WHAT IS BEING ASKED: In the entries below, begin at the line with "A typical CSP" and stop after the line with "Zeleno-belo špargljevo lazanjo"; output those lines exactly and omit the pictures.

DATASET CONTENT:
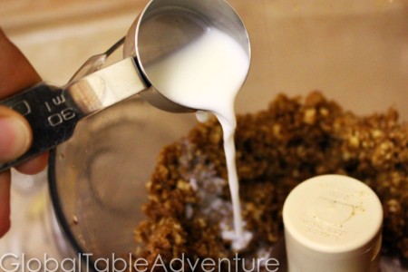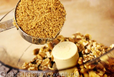 - Add walnuts, brown sugar, butter, cinnamon, vanilla extract and milk to a food processor and pulse.
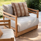 Featuring a two-tone ribbed design, bringing your interior style outdoors is explored with the artisan style of the Orion cushion. Crafted from warm tobacco and cumin tones, the woven pattern creates a crafted ambience, bringing a calm, nurturing quality to exterior spaces. Pair with tobacco tones to create a warm, desert-inspired look. This cushion is crafted using soft, recycled PET yarn, a resilient fibre made from recycled plastic bottles. 29 plastic bottles were saved from landfill to create this piece.
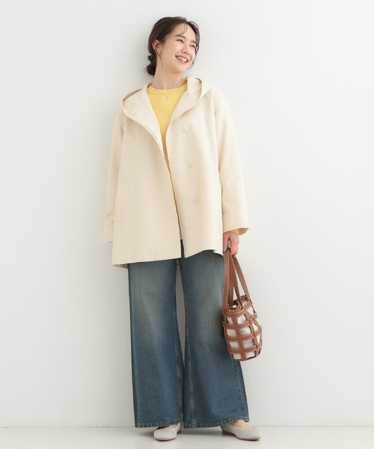 ワイドシルエットのデニムと合わせると、ゆるっとした中にも清潔感あるコーデが完成します。
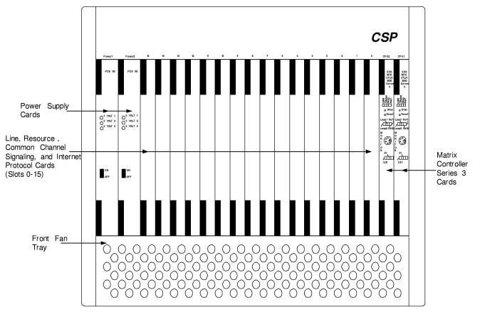 A typical CSP 2110 chassis can accommodate up to 2,048 ports, support matrix CPU cards, a fully configurable combination of line and services cards, and a host interface. The CSP supports redundancy and the cards are hot swappable. Blockout cards are required for proper air flow and cooling. Any unoccupied line card slot or I/O card slot should have a Blockout card installed.
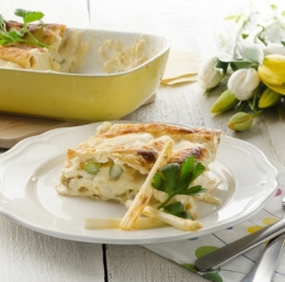 Zeleno-belo špargljevo lazanjo pečemo v predhodno ogreti pečici na 200 °C ca. 20-30 minut.
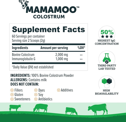 Asiya Life MamaMoo™ Incas Colostrum Powder - High IgG Content, Grass Fed, Non GMO, Gut Health, Immunity Support, Skin & Hair Benefits, 400+ Nutrients, Third Party Tested (Unflavored)
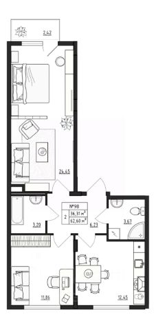 Квартира с продуманной планировкой, которая позволяет максимально эффективно использовать каждое помещение - это позволит получить максимум комфорта для жизни.

WRITTEN ANSWER:
 A typical CSP 2110 chassis can accommodate up to 2,048 ports, support matrix CPU cards, a fully configurable combination of line and services cards, and a host interface. The CSP supports redundancy and the cards are hot swappable. Blockout cards are required for proper air flow and cooling. Any unoccupied line card slot or I/O card slot should have a Blockout card installed.
 Zeleno-belo špargljevo lazanjo pečemo v predhodno ogreti pečici na 200 °C ca. 20-30 minut.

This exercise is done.